When a VG has some PVs with bad/old metadata, lvm can simply ignore
the bad/old copies, and use a good copy. This is why there are
multiple copies of the metadata -- so it's available even when some
of the copies cannot be used. The bad/old copies do not have to be
repaired before the VG can be used (the repair can happen later.)
A PV with no good copies of the metadata simply falls back to being
treated like a PV with no mdas; a common and harmless configuration.
When bad/old metadata exists, lvm warns the user about it, and
suggests repairing it using a new metadata repair command.
Bad metadata in particular is something that users will want to
investigate and repair themselves, since it should not happen and
may indicate some other problem that needs to be fixed.
PVs with bad/old metadata are not the same as missing devices.
Missing devices will block various kinds of VG modification or
activation, but bad/old metadata will not.
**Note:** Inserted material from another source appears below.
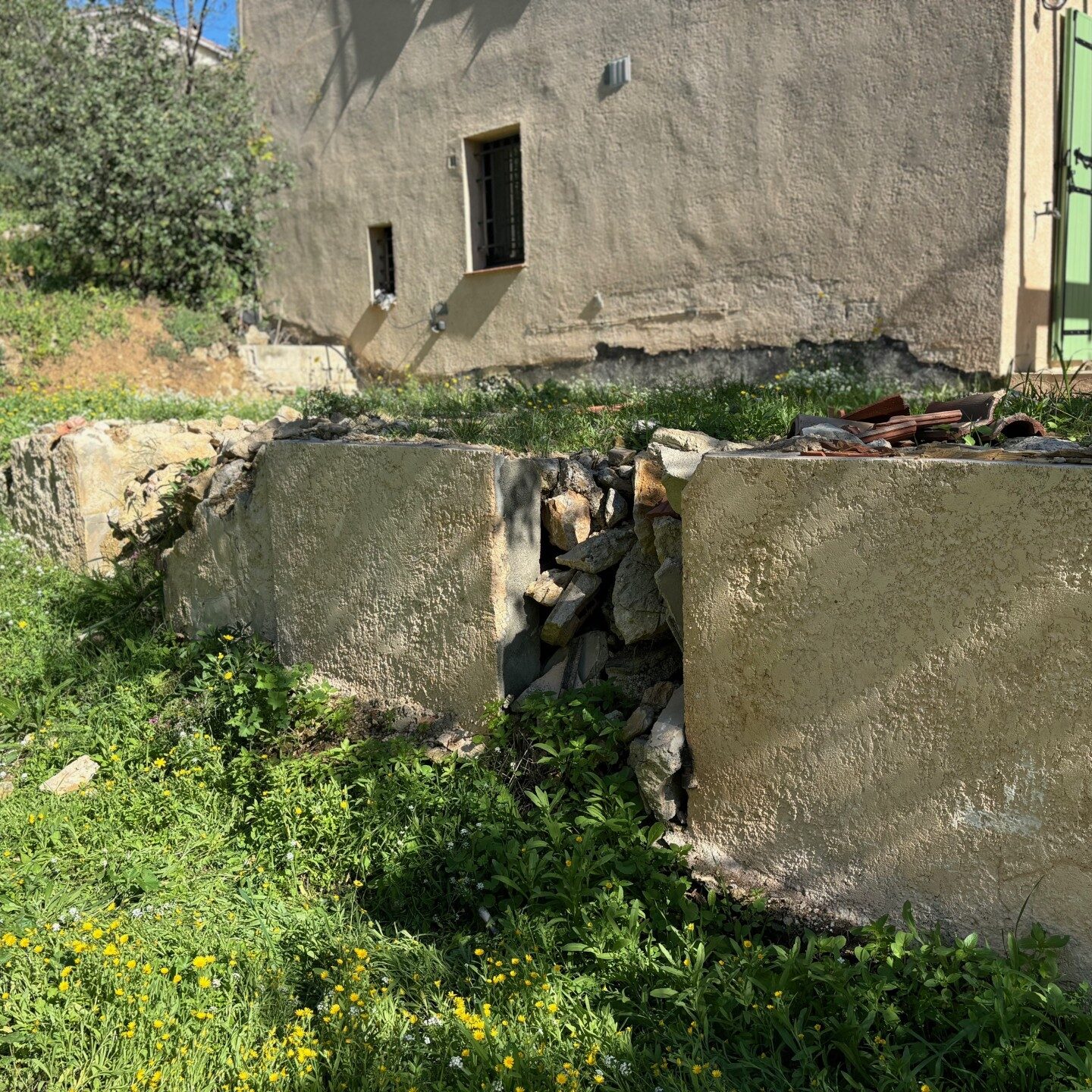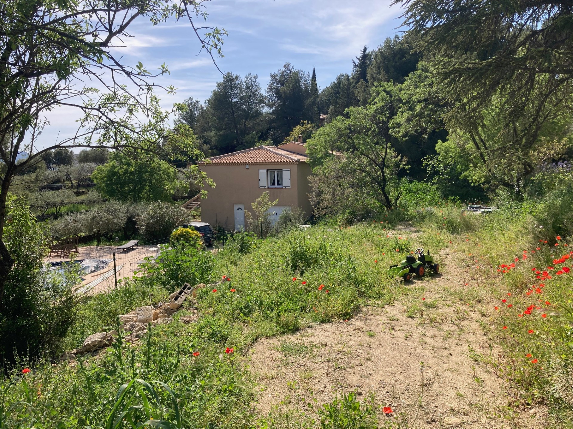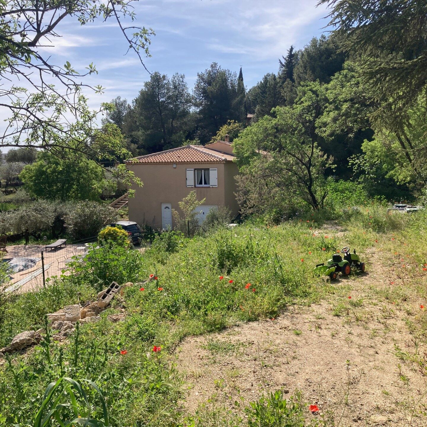 Un terrain en colline articulé autour de 3 restanques, la restanque nord, la restanque de la maison, la restanque sud avec une vue sur le lointain, un vis-à-vis très important sur la parcelle du dessous, une contrainte qui avait poussé les propriétaires à implanter la piscine à l’ouest sans vues.

Previously, lvm would attempt to repair bad/old metadata whenever
it was read. This was unnecessary since lvm does not require every
copy of the metadata to be used. It would also hide potential
problems that should be investigated by the user. It was also
dangerous in cases where the VG was on shared storage. The user
is now allowed to investigate potential problems and decide how
and when to repair them.
Repairing bad/old metadata
--------------------------
When label scan sees bad metadata in an mda, that mda is removed
from the lvmcache info->mdas list. This means that vg_read will
skip it, and not attempt to read/process it again. If it was
the only in-use mda on a PV, that PV is treated like a PV with
no mdas. It also means that vg_write will also skip the bad mda,
and not attempt to write new metadata to it. The only way to
repair bad metadata is with the metadata repair command.
When label scan sees old metadata in an mda, that mda is kept
in the lvmcache info->mdas list. This means that vg_read will
read/process it again, and likely see the same mismatch with
the other copies of the metadata. Like the label_scan, the
vg_read will simply ignore the old copy of the metadata and
use the latest copy. If the command is modifying the vg
(e.g. lvcreate), then vg_write, which writes new metadata to
every mda on info->mdas, will write the new metadata to the
mda that had the old version. If successful, this will resolve
the old metadata problem (without needing to run a metadata
repair command.)
Outdated PVs
------------
An outdated PV is a PV that has an old copy of VG metadata
that shows it is a member of the VG, but the latest copy of
the VG metadata does not include this PV. This happens if
the PV is disconnected, vgreduce --removemissing is run to
remove the PV from the VG, then the PV is reconnected.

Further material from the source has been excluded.